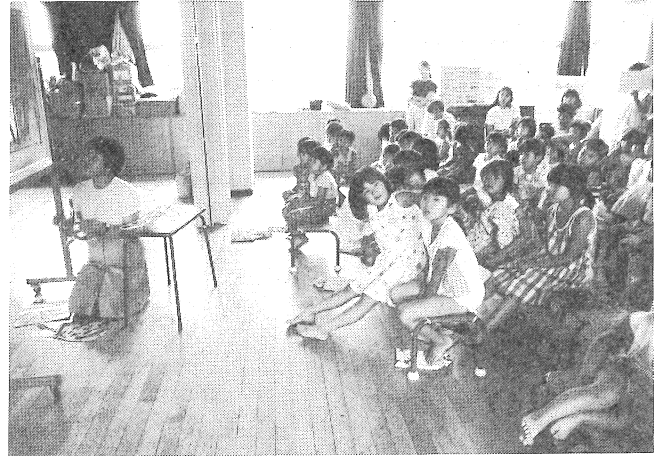
フランネルグラフ楽しいな(土曜学校デイキャンプ)
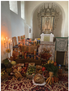
Erntedank in Ballersedt
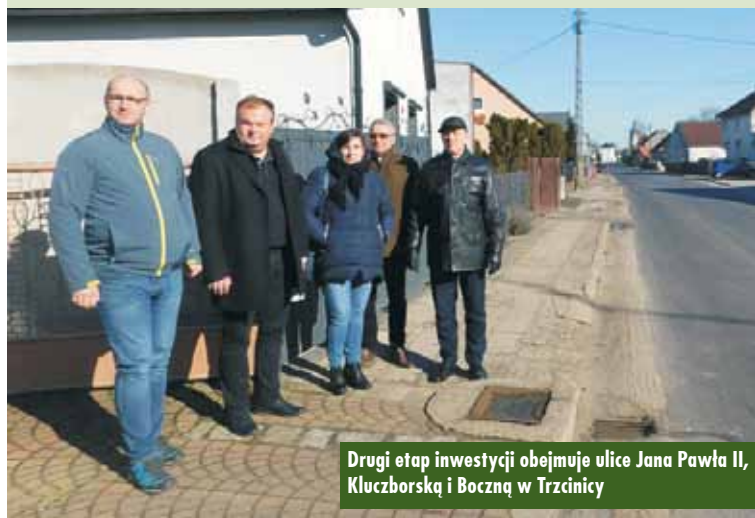
Drugi etap inwestycji obejmuje ulice Jana Pawła II, Kluczborską i Boczna w Trzcini
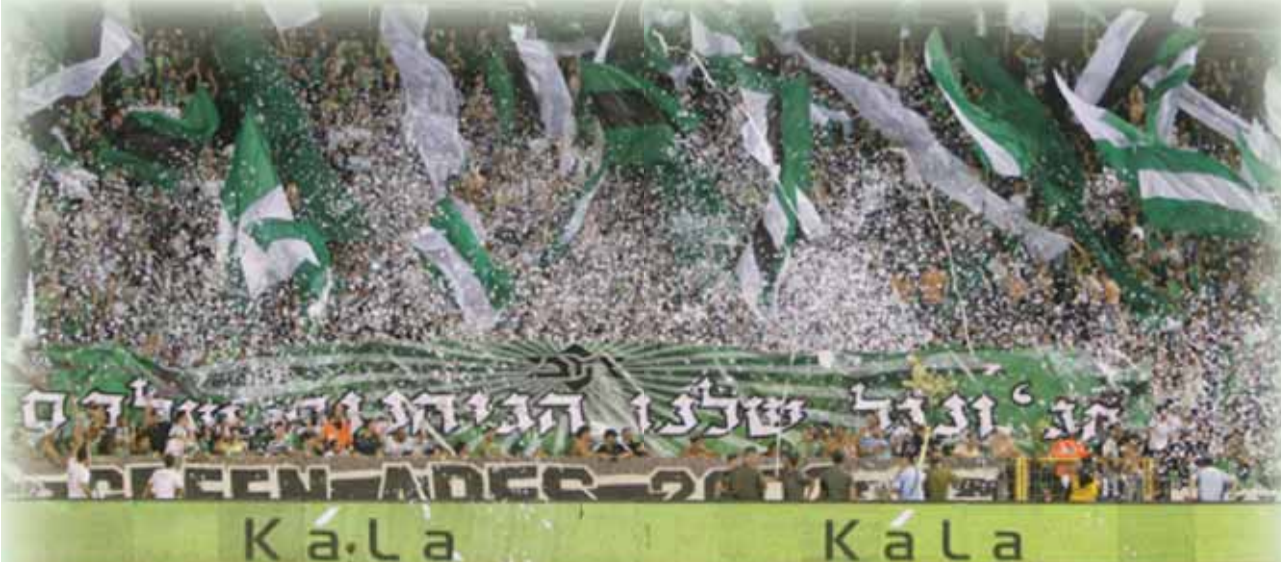
جمهور مكابي حيفا في عرض كرنفالي

وذكر أن بيريز نقل هذا الأمر إلى كل من قائد «ريال مدريد» وحارس مرماه، الكاپيتان إيكركاسياس، والمدافع سرخيو راموس. وتم الكشف عن هذا الأمر، خلال اجتماع غير رسمي، عقد خلال الأسبوع المنصرم، في أحد مطاعم مدريد، لهدف إعلام اللاعبين بسياسة المكافآت التي يتبعها النادي، لهدف تحفيزهم على تحقيق اللقب الأهم على صعيد الأندية الأوروبية. وتعد مكافأة البطولة الأوروبية لهذا الموسم، أكبر من تلك التي حذتها «ريال مدريد» في الموسم الماضي، والتي بلغت 360 ألف يورو لكل لاعب؛ إلا أنه أقصى الفريق المديردي على يد الوصيف «بايرن ميونيخ» في دور نصف النهائي. من الجدير ذكره، أنه في المرة الأخيرة التي فاز فيها «ريال مدريد» في بطولة أوروبا، كانت عام 2002؛ في حين نجح بالفوز باللقب من جديد، فستكون هذه المرة العاشرة في تاريخه.. لنتظر ونرى هل سينجح مورينيو وتلاميذه بالتغلب أولاً على «مانشستر يونايتد» في دور الـ16 والارتقاء إلى المراحل المتقدمة، قبل أن يفكروا في الفوز بالبطولة.
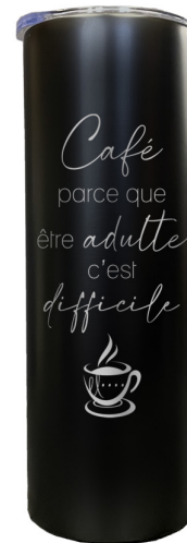
Café parce que être adulte c'est difficile 557

= = = = =

- _TASK DETAILS_
From the records above, quote word for word only the lines beginning at the line that has "Erntedank in Ballersedt" and stopping after the line that has "جمهور مكابي حيفا في عرض كرنفالي". Omit the pictures.

- _SOLUTION BELOW_
Erntedank in Ballersedt
Drugi etap inwestycji obejmuje ulice Jana Pawła II, Kluczborską i Boczna w Trzcini
جمهور مكابي حيفا في عرض كرنفالي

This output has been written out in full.